Nach einem kurzen Fluchtversuch werden Stella und ihre Eltern gefasst und ins Sammellager gesperrt, wo die zusammengepferchten Menschen auf die Deportation warten müssen. Es fallen Sätze wie »Wir haben ein Recht auf Theresienstadt«. Stella vergeht vor Angst.
Als sie zwei jüdischen »Greifern« begegnet, sieht sie einen Fluchtweg aus der Hilflosigkeit. Denkt sie jedenfalls und bietet sich selbst als Judenfängerin an. Bald steht das »blonde Gespenst« auf dem Ku’damm, um den Nazis Juden zu liefern. »Es ist nicht gut, das eigene Volk zu verraten«, sagt der Vater.
Stella holt Rolf ins Team, der sich mit »Ich machʼ den ganzen Zug voll« vorstellt, und es beginnt das fröhliche Jagen. Anders kann man den Zusammenschnitt von Menschen arretieren und dabei ausrauben, bevor die Gestapo sie holt, wohl nicht nennen. Und weil in solchen Filmen der irre Nazi nicht fehlen darf, heult sich zu Weihnachten ein SS-Mann an Stellas Brust aus, während er ihr davon berichtet, was in Auschwitz passiert. Da sind ihre Eltern längst auf dem Weg dorthin.
Gerade jetzt
Schnitt zu 1957. Stella wird in Berlin vor Gericht gestellt. Sie muss sich Alliiertenaufnahmen von der Befreiung von Konzentrationslagern ansehen. Im Gerichtssaal konfrontieren Überlebende sie mit ihren Taten. Stella scheint unberührt, geht sogar so weit, selbst gegen Juden zu hetzen.

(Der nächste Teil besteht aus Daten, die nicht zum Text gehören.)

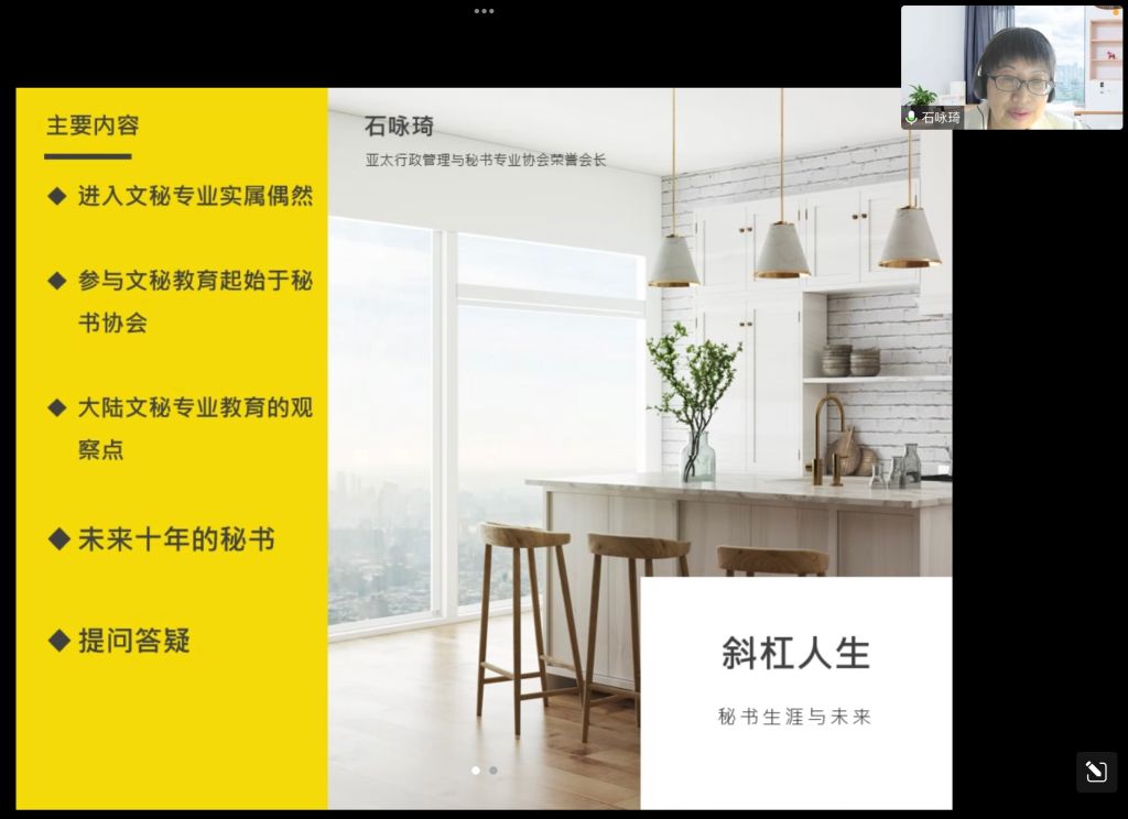 石咏琦教授从自己的校园生活谈起,介绍了自己是如何进入文秘专业、如何走上秘书岗位以及如何开始参与文秘教育。在谈到大陆文秘专业教育存在的问题时,石教授认为,目前文秘专业师资普遍薄弱,教师教学方法落后,教学质量堪忧,秘书学专业的学生对本专业的认可度不高。接着,石咏琦教授进一步指出,秘书学专业的老师要关注时代发展趋势,创新教学方法,改进秘书学教材。秘书学专业的学生要聚焦市场需求,培养操作技能,比如熟练地使用直播软件、会议软件等。

Stella Goldschlag wurde damals schuldig gesprochen, doch musste sie nicht ins Gefängnis, weil sie bereits zehn Jahre in einem russischen Gefangenenlager saß. 1994 hat sie sich das Leben genommen. »Da kann sie sich doch gleich einen Strick nehmen«, hatte Aaron gesagt, als er das erste Mal von einer blonden Greiferin hörte, ohne zu wissen, wer es war.
Die Macher nennen Stella – Ein Leben ein »starkes Zeichen gegen Diktatur«, gerade jetzt. Glücklicherweise ist auch Michel Friedman bei dem Special-Screening mit anschließender Diskussion in Berlin anwesend.
Der, wie es Friedmans Art ist, entschuldigt sich zuerst höflich, vernebelt die Köpfe mit ein paar Abschweifungen, sagt, dass er nichts bewerten wolle, um dann in aller Schärfe rauszuhauen, was er denkt: Die Nachfahren der Täter sollten endlich damit beginnen, sich die Taten in ihren eigenen Familien anzusehen, anstatt auf die Opfer zu starren, die zu all dem rein gar nichts konnten. »Damit wir lernen, wie das Gift des Hasses überhaupt in die Menschen eindringen konnte.« Gerade jetzt.